2014 March for Marriage Rally in DC
2014 March for Marriage Rally in DC

The late Judge Robert Bork wrote prophetically in 2004 that the only viable option left for protecting the institution of traditional marriage in the United States is amending the Constitution to define marriage.

Without the amendment, he predicted, the Supreme Court will “almost certainly” create “a national constitutional right to homosexual marriage.”

But amending the Constitution is a tall order, and some who oppose legalization of same-sex marriage also oppose amending the Constitution.

So without Bork’s sole remedy, events have proceeded in the exact direction he predicted they would. He was just off on his timing, predicting in 2004 that without our amending the Constitution, the court would legalize same-sex marriage across the nation “within two or three years.”

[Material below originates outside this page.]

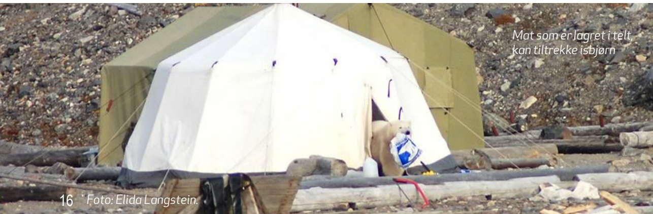
Mat som er lagret i telt, kan tiltrekke isbjørn

Echinococcus multilocularis er en bendelorm som østmark-musa på Svalbard er mellomvert for. Parasittens hovedvert er hund, katt og rev. Mennesker kan få alvorlig leverskade og dø dersom de får i seg parasittens egg. Disse finnes i avføring fra hovedverte.
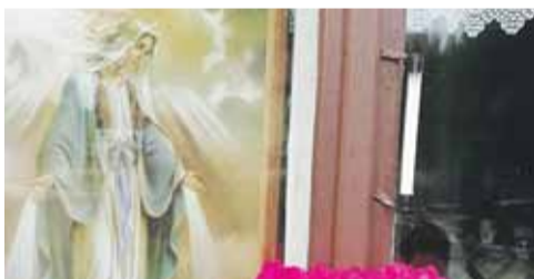
W oknach można było zobaczyć wizerunki Matki Bożej

In 2013, the Supreme Court threw out the Defense of Marriage Act, so now the federal government must treat same-sex marriage no differently than it treats traditional marriage.

This week, the court has begun the process of reaching finality on this issue as it hears arguments dealing with the question of the constitutionality of state prohibitions of same-sex marriage.

Bork’s concern was the ongoing cultural degradation in America, in which judges have become tools of popular culture rather than guardians of the law. The legal redefinition of marriage is just the latest, according to Bork, of “a series of cultural debacles forced upon us by judges following no law but their own predilections.”

There are many famous quotations from America’s Founding Fathers — George Washington, John Adams and others — noting the inseparability of a free nation from the principles of religion and morality.

French statesman Alexis de Tocqueville — author of “Democracy in America,” which many view as the greatest book ever written about the United States — wrote in 1835, “There is no country in the world where the Christian religion retains a greater influence over the souls of men than in America.”

Yet over a short period of time — less than 20 years — the attitude of Americans about a core and central institution to our culture, marriage, has been turned on its head.

In 1996, according to polling by Gallup, 68% of Americans rejected — and 27% supported — the proposition that same-sex marriage “should be recognized by the law as valid, with the same rights as traditional marriages.”

By 2011, just 15 years later, 53% of Americans supported this proposition, and 45% rejected it.

Such rapid change in attitudes toward an institution so deeply rooted in the nation’s culture and toward the religious truths that have defined us could only happen through the massive and ongoing propagandizing against traditional values by what Bork called the “cultural aristocracy” — news media, university faculties, many churches, certain foundations, television networks and Hollywood.